Here is the initial model for an open office door that a client wants to put some sort of doorway in. I'm thinking custom french doors with side lights.

Anyhow, the drywall is all rounded corners and I thought I'd put a framework inside the doorway without disrupting the existing drywall and also negating the need for casings.

So, my question is...does anybody know of a relatively painless way to create the curved edges in Sketchup? 

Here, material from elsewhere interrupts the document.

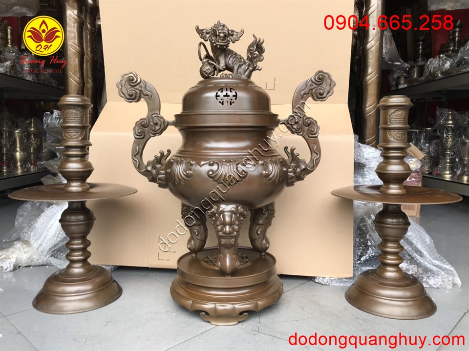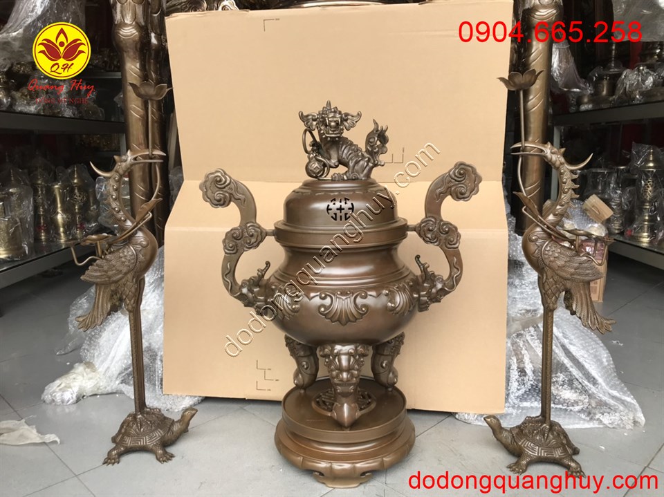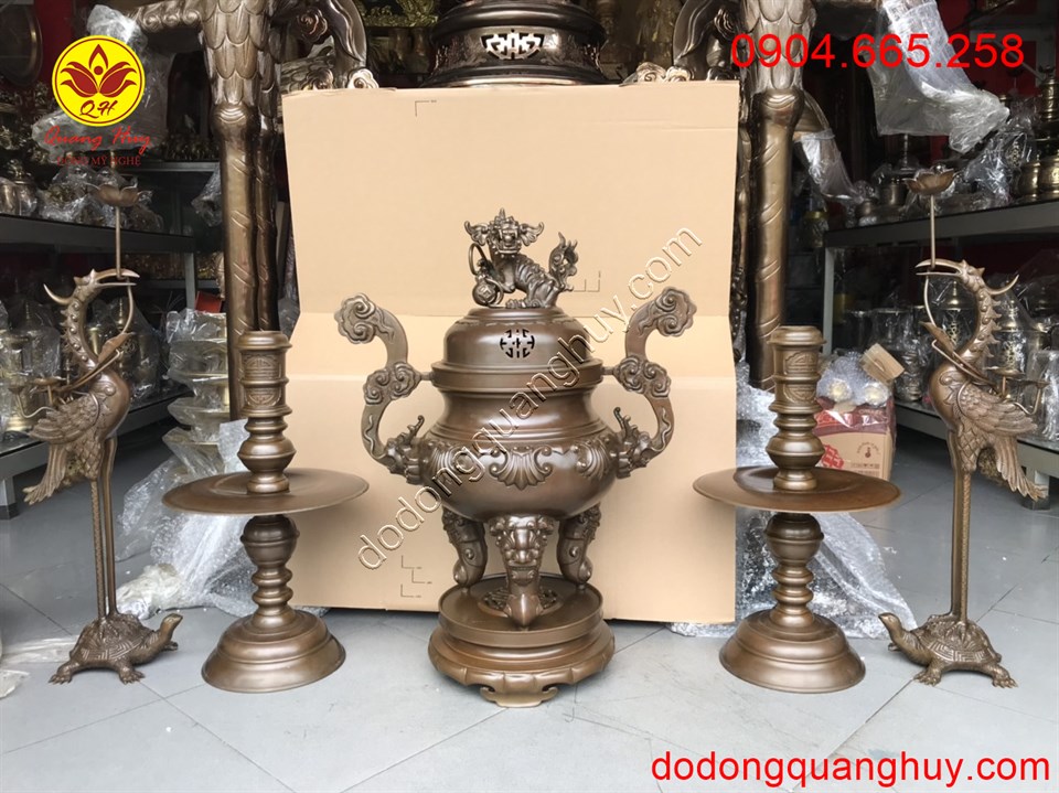 kích thước: Bộ ngũ sự bằng đồng hun xanh giả cổ cao 70cm gồm đỉnh cao 70cm, đôi hạc cao 70cm, đôi chân nến cao 60cm

I wonder if I could have figured it out by now.......hmmmm


----------



## ScipioAfricanus

On the bottom part of the wall make a radius the size that you want the bull-nose to be in that corner.Then click all three corner lines of the door opening and go into tools to get the "follow Me" tool.
Then click on the face of the of the corner radius you made and this will work if you are able to follow this mess of an explanation.

Maybe the pics will help.

Andy.


----------



## Cole

Andy, showed you the easiest way, thats how I do it as well.


----------



## trav007

All I can say is .....bitchin....thanks guys. Its amazing how easy things can be when you know how.


----------



## mics_54

A couple of additional notes on the follow me tool. Sketchup doesnt like very small facets so if you have difficulty with surfaces being completed with the followme tool...scale the drawing up by a factor of 10 or 20 or 100 the do the followme operation and reduce the size back to normal when you finish. Also the followme tool works better if the surface you wish to extrude begins perpendicular to the axis of the intended operation. Also make sure that your radius stays with in the profile of the original corner. If the followme tool operation doesnt auto erase the subtrahend you may need to select the items and intersect and erase the undesired elements.


----------